■ EXERCISE PROMPT: The material below holds a span beginning at the line with "以下图数据为例演示使用方法。假设,要统计总成绩大于600的人数。" and ending at the line with "卤蛋对半切开,在饭边上摆上青菜 浇上卤肉(一定要带卤肉汁) 摆上榨菜 半个卤蛋". Quote that span exactly, both ends included, and only that span.

■ INPUT FOR THIS TASK:

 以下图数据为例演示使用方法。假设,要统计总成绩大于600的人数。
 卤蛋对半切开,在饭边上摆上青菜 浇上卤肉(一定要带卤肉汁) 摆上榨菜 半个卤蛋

--

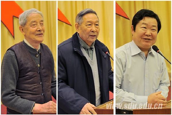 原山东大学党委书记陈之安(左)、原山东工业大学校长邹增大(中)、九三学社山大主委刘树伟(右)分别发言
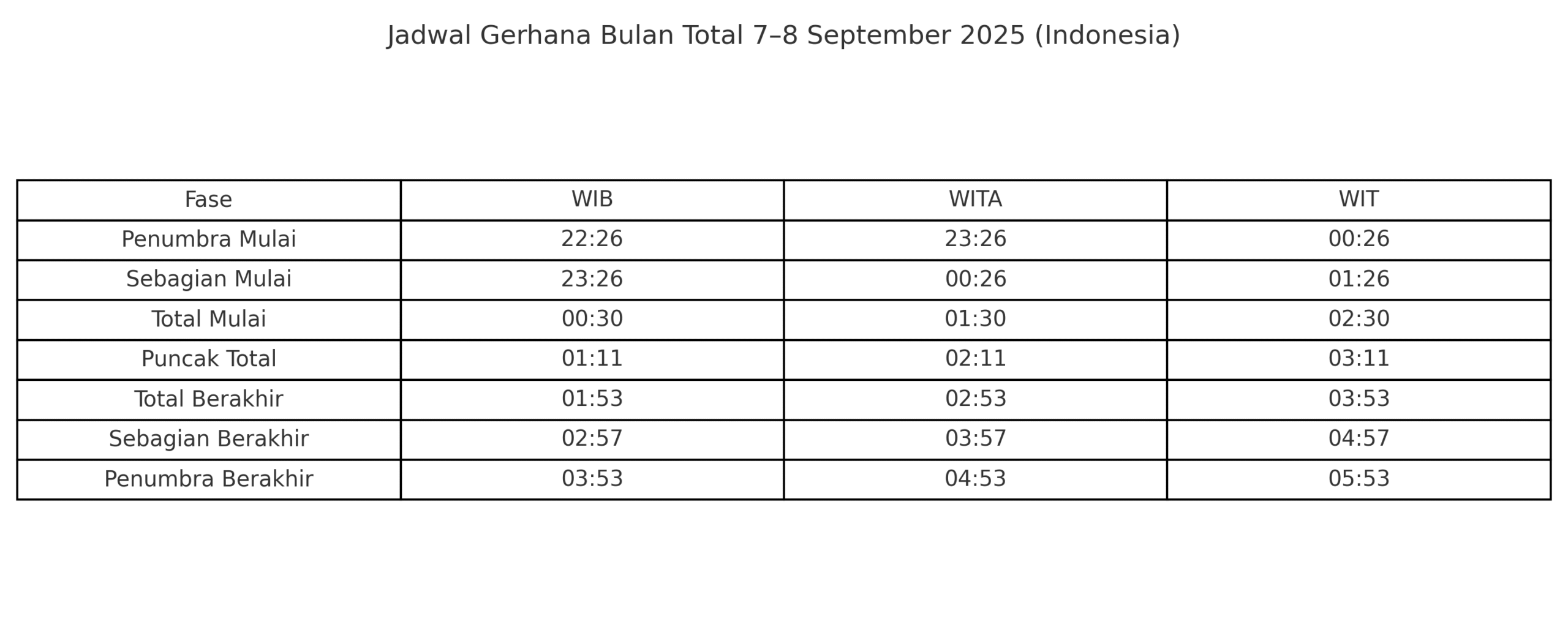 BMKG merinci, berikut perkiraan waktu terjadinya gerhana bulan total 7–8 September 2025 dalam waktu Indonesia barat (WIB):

...

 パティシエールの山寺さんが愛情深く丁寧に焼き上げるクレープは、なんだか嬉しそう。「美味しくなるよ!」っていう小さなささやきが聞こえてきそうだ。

■ RESULT BELOW:
 以下图数据为例演示使用方法。假设,要统计总成绩大于600的人数。
 卤蛋对半切开,在饭边上摆上青菜 浇上卤肉(一定要带卤肉汁) 摆上榨菜 半个卤蛋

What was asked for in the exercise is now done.